Я медленно выдохнул.
— Послушайте, у меня возникли проблемы только из-за того, что все думают, будто я взял какую-то записную книжку. Какой смысл мне брать её?
Икрамов медленно встал из-за стола и отошёл к окну. Он заговорил, как обычно — тоном, не допускающим возражений. Даже в мыслях.
— Тесла, вы, полагаю, приняли мою сдержанность за терпеливость. Это большая ошибка. Фатальная. То, что я выдерживаю вашу клоунаду дольше пяти минут, не более чем издержки профессии. Если я буду принимать всё слишком близко к сердцу, или переживать за всех, или вдаваться в тонкости их жизни, то однажды просто свихнусь. Или, ещё хуже, захочу творить справедливость, невзирая на законы. Но то, что я не кричу на вас и не стучу кулаком по столу, совсем не помешает отправить под суд… какого-нибудь мошенника. Надеюсь, вы меня поняли?
Развернувшись на пятках, следователь пересёк кабинет и остановился передо мной.
— Вернёмся к записной книжке. Она была раскрыта на вашем имени. Полагаю, перед смертью Караев собирался звонить вам.
— Это тоже Рита рассказала?
— Угу, — подал голос участковый. — Она и мне это рассказать успела, а я только спросил… а, ладно.
— Теперь понятно, — пробормотал я, — откуда растут слухи. Но вынужден огорчить — ничего я не брал. Ищите получше. Разве не это ваша работа?
— Мы бы поискали, — с лёгким раздражением сказал Икрамов. — Только эта девчонка сегодня вдруг отказалась от всех своих показаний. Почему-то я уверен, что там не обошлось без одной из этих ваших «шуточек».

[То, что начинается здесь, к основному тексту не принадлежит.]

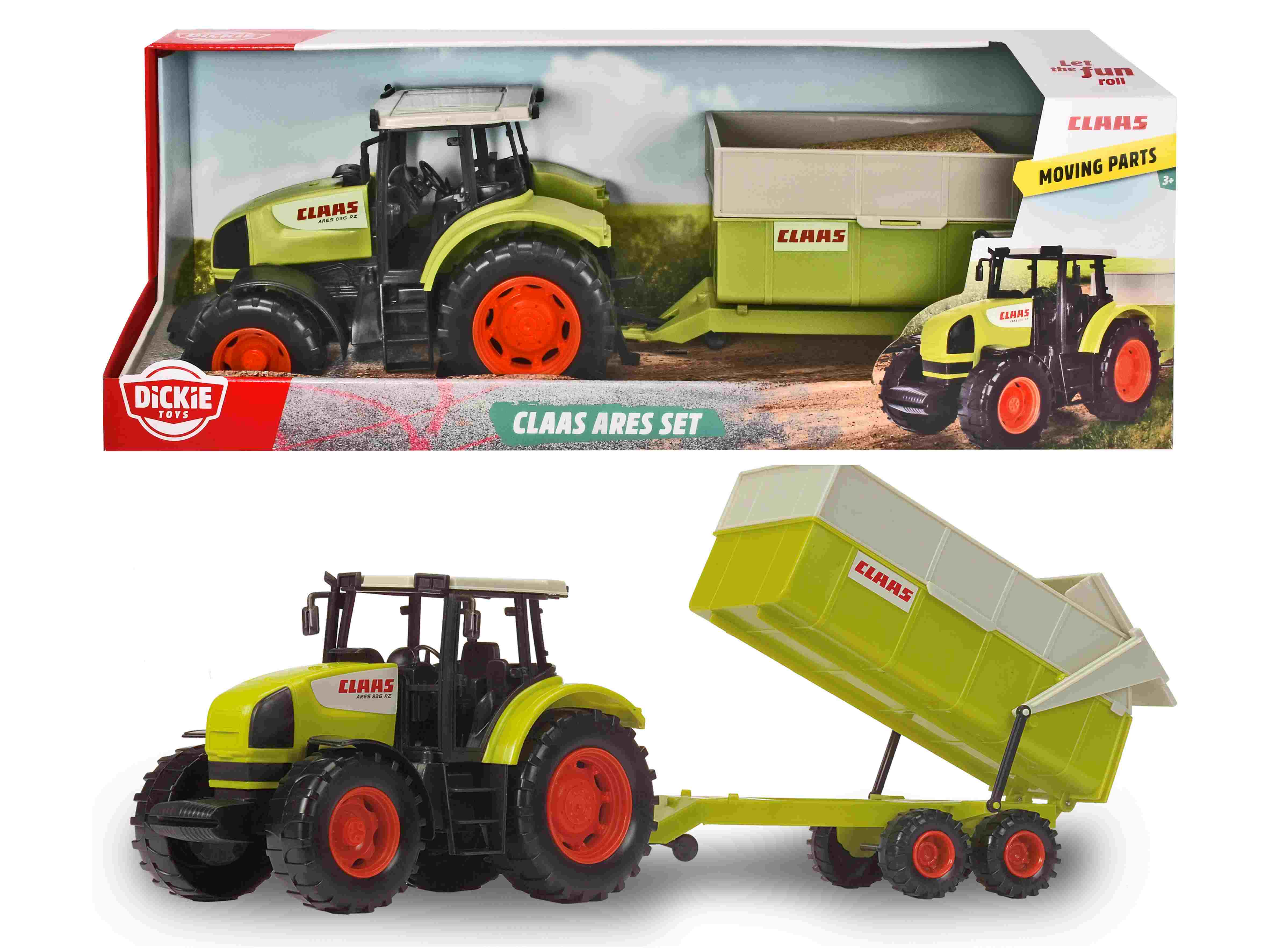 Traktor Claas Ares z ruchomą, uchylną przyczepą.

— Ну да, — согласился я, вспомнив фразу про живого молчаливого бармена. — Возможно, одна из них была не слишком удачной. Вот, только, знаете, что интересно? Я не видел Риту ещё со вчера.
Икрамов нахмурился, пододвинул телефон, полистал телефонный справочник и набрал номер.

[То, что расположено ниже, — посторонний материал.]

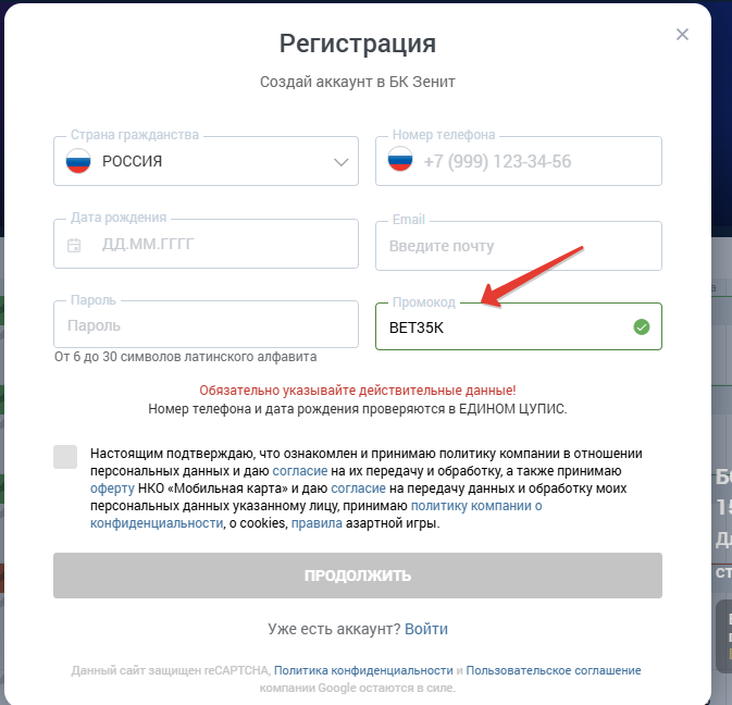 - Пройти регистрацию в БК «Зенит»;

— В таком случае, поговорите с ней, — он протянул мне трубку. — С нами она говорить отказывается.
Это о многом говорило. Риту легко было назвать болтливой и легкомысленной. Однако немногие знали, что ей достаточно перекинуться с человеком всего парой-тройкой фраз, чтобы понять, о чём с ним можно говорить, о чём нельзя, и не стоит ли плюнуть ему в кофе.
Если она отказалась давать показания, значит, у неё были веские основания не доверять доблестной милиции. Та же мысль беспокоила и меня сегодня утром.

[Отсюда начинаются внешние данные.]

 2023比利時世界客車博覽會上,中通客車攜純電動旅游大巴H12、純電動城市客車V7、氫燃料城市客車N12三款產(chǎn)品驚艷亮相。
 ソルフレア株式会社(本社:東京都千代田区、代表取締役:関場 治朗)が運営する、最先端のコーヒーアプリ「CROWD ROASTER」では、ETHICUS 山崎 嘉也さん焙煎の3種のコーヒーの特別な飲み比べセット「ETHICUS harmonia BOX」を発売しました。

Ярко-красная лента соединила ещё несколько разрозненных прежде слов, и картина у меня в голове стала ещё чуточку яснее.
— Да? — спросила Рита на другом конце провода.
— Э-эм… Это Виктор. Виктор Тесла… — неуверенно промямлил я. — Тут такое дело… Мне говорят, будто я запугиваю свидетелей. Ты вчерашний наш разговор в голову не бери…
— Какой? — она на секунду задумалась. — А, тот… Послушай, Виктор…
— Ты уже встречала того странного человека, да? Лицо, которое не разобрать, голос, который не расслышать.
Я, разумеется, не услышал этого, но почувствовал, что Рита кивнула. По крайней мере, я подумал, что она должна была кивнуть.
Она помолчала, подбирая подходящие слова.
— Да. Он посоветовал мне не распространяться об увиденном. Виктор, знаешь, что-то в нём такое было. Что-то внушающее страх. У меня аж коленки подкашивались, когда он говорил.
— Он ещё чём-то спрашивал?
— Не пропало ли чего из бара. Его записная книжка очень интересовала. И ваза.
— Какая ваза?
— Ваза стояла среди бутылок позади стойки. Тимур часто шутил, что она на вес золота.
— А…
— Нет, — вдруг решила Рита. — Это всё, что я могу сказать. Извини.
И повесила трубку.
— Любопытно, — пробормотал я, переводя взгляд между собравшимися. — Почему мне не сказали, что из бара пропал сосуд?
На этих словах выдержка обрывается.